You see here that ape only has 156MB available on its root filesystem. This is pretty tight: any time you get close to 90% full on a filesystem, the kernel has to do a lot more work to decide how to place the files you want to store. With a near-full filesystem, storing a larger file can take more time because it often needs to be broken up into smaller chunks and distributed across the disk, which means more moving parts.

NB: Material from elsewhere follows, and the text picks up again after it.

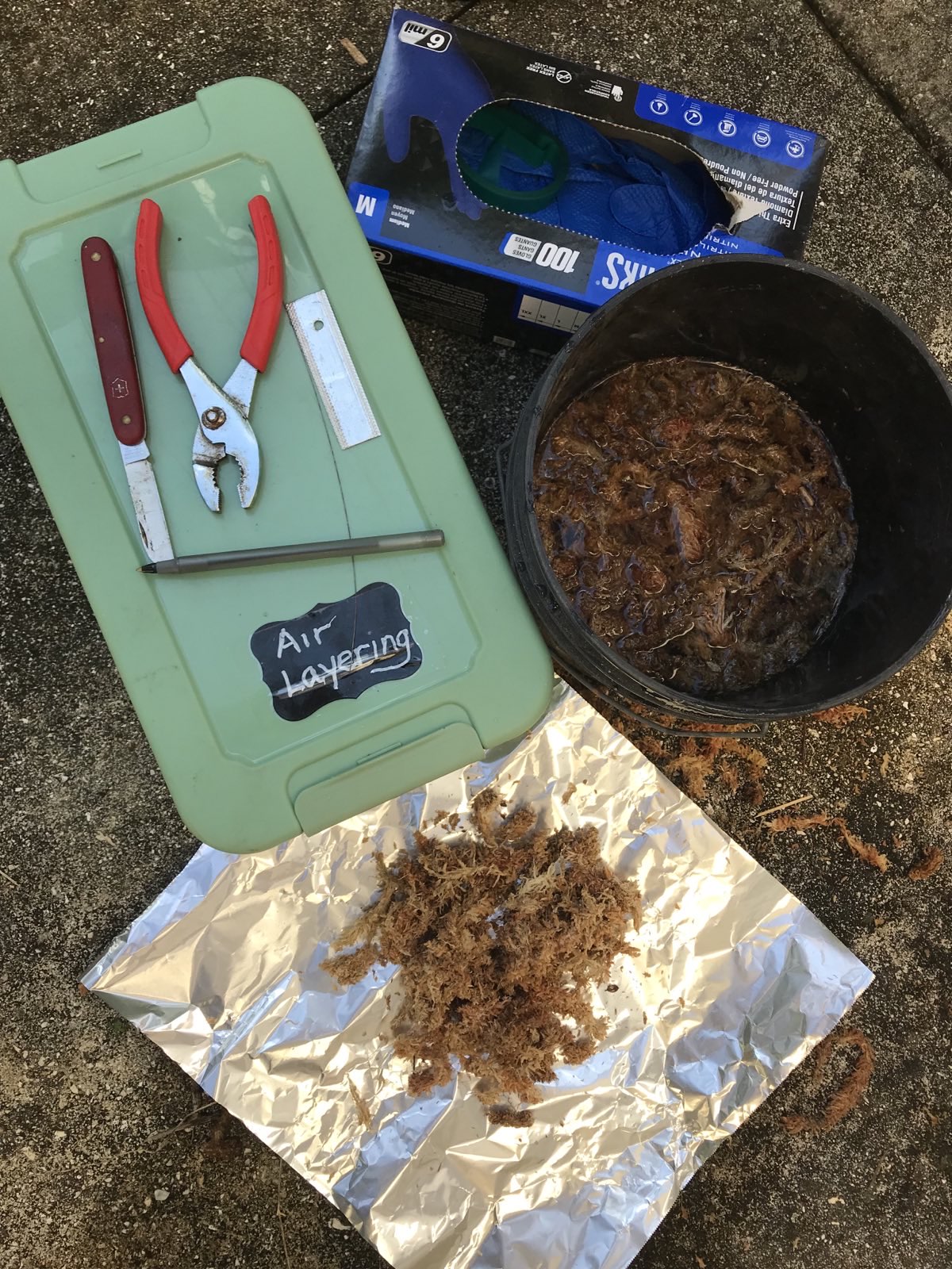 These are the supplies we use for airlayering: a knife, plyers, sphagnum moss, bucket, water, heavy duty tin foil, pen, metal tag, gloves.

But the modern operating system kernel hides almost all of these shenanigans from the end user pretty well, so you usually won't notice performance degradation from full filesystems until they're actually full, and you get the nasty hard errors mentioned above. This brings me to the flavor of disk-related resource that often does cause performance problems...

Disk Throughput

Where disks are most likely to cause user-visible sluggishness is in their throughput, not their capacity. Accessing data off of a disk (or writing data to a disk) is extremely slow when compared to other parts of a modern computer. If the user has to experience this behavior directly, they'll likely feel like the computer is sluggish.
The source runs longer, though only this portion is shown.